Provided information Start Marker

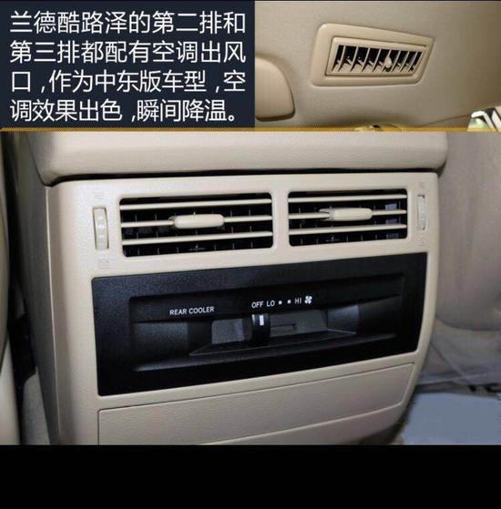 兰德酷路泽的第二排和第三排都配有空调出风口,作为中东版,空调效果出色,瞬间降温。
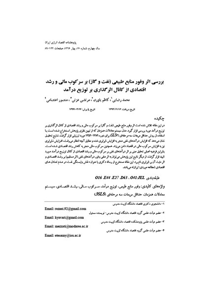 بررسی اثر وفور منابع طبیعی (نفت و گاز) بر سرکوب مالی و رشد اقتصادی از کانال اثرگذاری بر توزیع درآمد
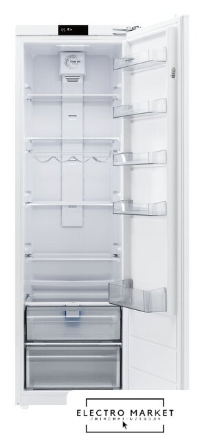 встраиваемый, полный No Frost, электронное управление, класс A+, полезный объём: 233 л (170 + 63 л), перенавешиваемые двери, полка для вина, лоток для яиц, 54x54.5x177 см, белый
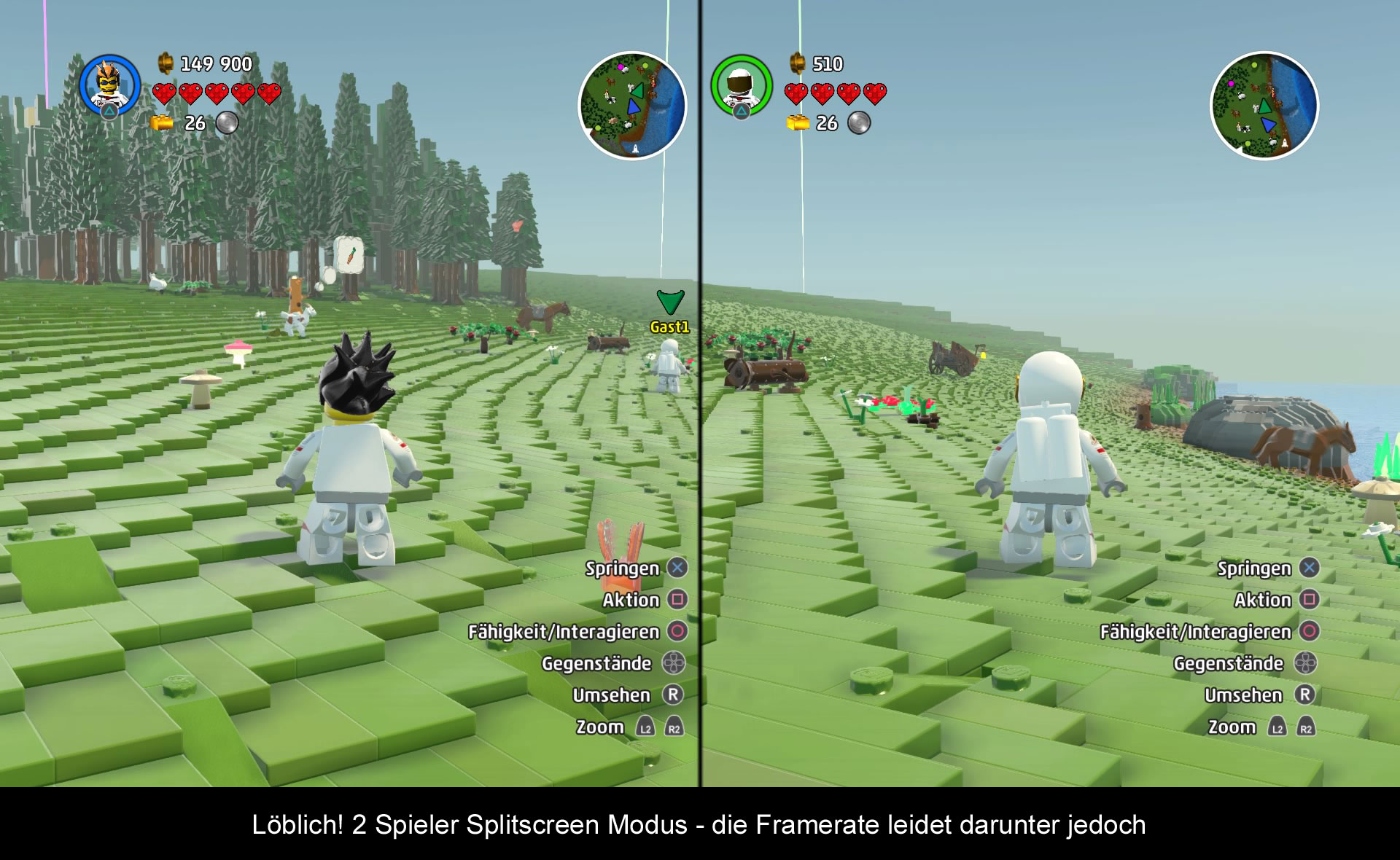 Technisch ist das Spiel sehr interessant. Erstmalig haben die Entwickler ganze LEGO Welten aus LEGO Steinen kreiert. Jedes Set kann in der realen Welt nachgebaut werden. Dadurch ist es möglich, dass man die Welt nach Belieben verändern kann. Ähnlich wie bei No Man’s Sky setzt man auch auf prozedurale Generierung. Alle Themenwelten folgen einem bestimmten Muster und einer bestimmten Logik. Das soll für unendliche Abwechslung sorgen, doch fehlerfrei ist das System leider nicht. Im Laufe der Reiste trifft man immer wieder auf dieselben Landschaften und Objekte. Auch die Mission ändern sich nicht gravierend. Das hier und da ein Charakter ober Objekte seltsam platziert sind, darüber kann man hinwegsehen, über die technischen Schwierigkeiten aber nicht. Die Sichtweite im Spiel ist zum Beispiel stark eingeschränkt und es braucht einige Zeit, die Welt vor einem zu Generieren. Ist man mit einem Fahrzeug unterwegs, steht man öfters vor einem leeren Feld und die Landschaft baut sich langsam vor einem auf. Auch der Wechsel zwischen einer Welt zur Nächsten dauert eine Ewigkeit, besonders wenn man diese schon selbst ummodeliert hat. Neben der technischen Limitierung kommen noch Framerateprobleme dazu. Bei jedem größeren Nachladen ruckelt das Spiel und braucht seine Zeit, um wieder in Schwung zu kommen. Schaltet man hier noch auf den lokalen Zweispielermodus um, scheint die Engine an ihr Limit zu kommen. In Anbetracht des Umfangs, kann man das noch Verschmerzen, doch die vielen Bugs dafür nicht! Es scheint, als hätte man das Qualitätsmanagment komplett außen vorgelassen. KI Aussetzer und die Wegfindung sind kleiner Probleme, aber was macht man, wenn die Spielfigur einfriert? Es kann vorkommen, dass sich diese nicht mehr steuern lässt, die Objekte nicht wechseln oder man einfach in der Ego-Perspektive festhängt. Viele der Bugs lassen sich nur mit einem Neustart beheben, bei manchen reicht es auch aus, einfach neu in die Welt abzuspringen. Der gefährlichste Bug bleibt aber der korrupte Spielstand. Ohne Vorwarnung kann das Savegame gelöscht werden und man darf wieder von vorne begonnen werden!
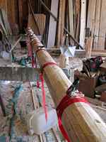Clamps- this may be a record. Stan's putting a rail on my 20 ft kayak and there are 105 clamps of one kind or another holding it on. If you haven't seen them, these white circles are pvc pipes. They work pretty good for light holding jobs. Paul was here last week and took this one of me out in the shop.
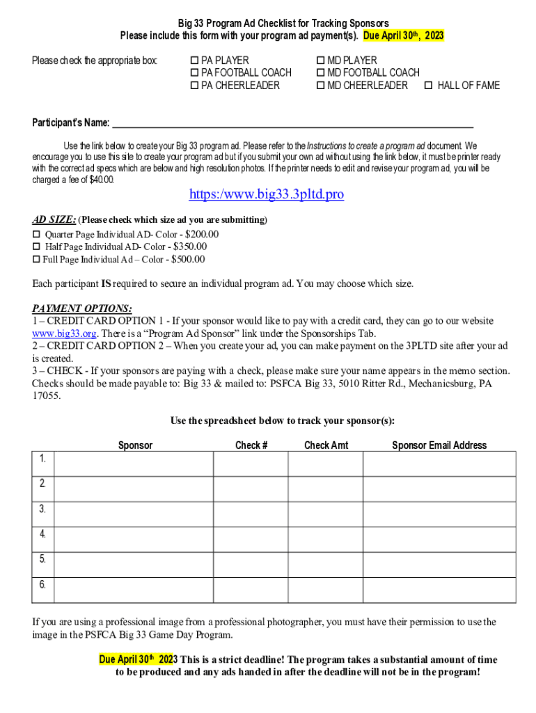 Big 33 Program Ad Checklist for Tracking Sponsors Please include this form with your program ad payment(s). Due April 30th, 2023 Please check the appropriate box:o PA PLAYER o PA FOOTBALL COACH o
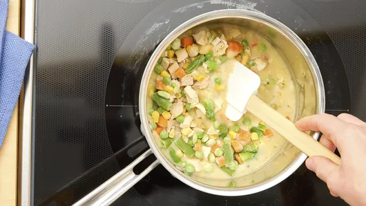 Step2In 3-quart saucepan, mix soup, chicken and frozen vegetables. Heat to boiling over medium-high heat; boil 1 minute, stirring occasionally. Spoon into baking dish.
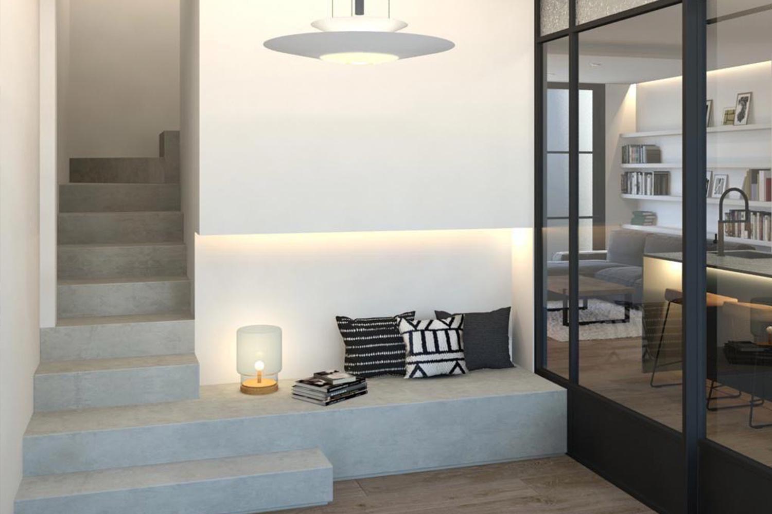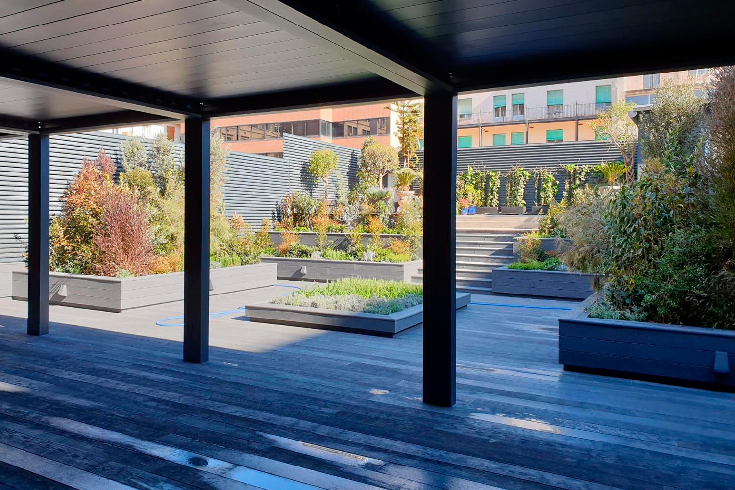 Reforma interior de vivienda y trabajos de revestimientos y de carpintería de taller interior. Incluyendo trabajos de carpintería en terraza con formación de jardineras y mobiliario exterior.
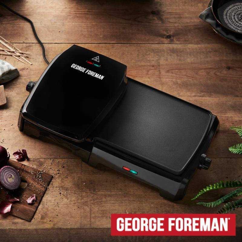 This George Foreman large electric grill & griddle is a kitchen game-changer with dual cooking plates for simultaneous meal prep.
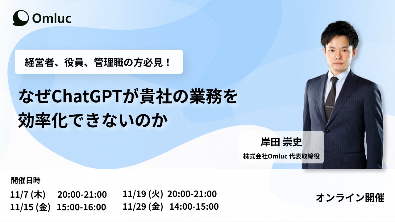 株式会社Omluc、経営者・役員・管理職向けウェビナー「なぜChatGPTが貴社の業務を効率化できないのか」参加申し込み受付開始

Provided information End Marker

> Exercise details
Produce the lines from the first line of the entries through the line that contains "встраиваемый, полный No", exactly, leaving the pictures behind.

> Task answer
 兰德酷路泽的第二排和第三排都配有空调出风口,作为中东版,空调效果出色,瞬间降温。
 بررسی اثر وفور منابع طبیعی (نفت و گاز) بر سرکوب مالی و رشد اقتصادی از کانال اثرگذاری بر توزیع درآمد
 встраиваемый, полный No Frost, электронное управление, класс A+, полезный объём: 233 л (170 + 63 л), перенавешиваемые двери, полка для вина, лоток для яиц, 54x54.5x177 см, белый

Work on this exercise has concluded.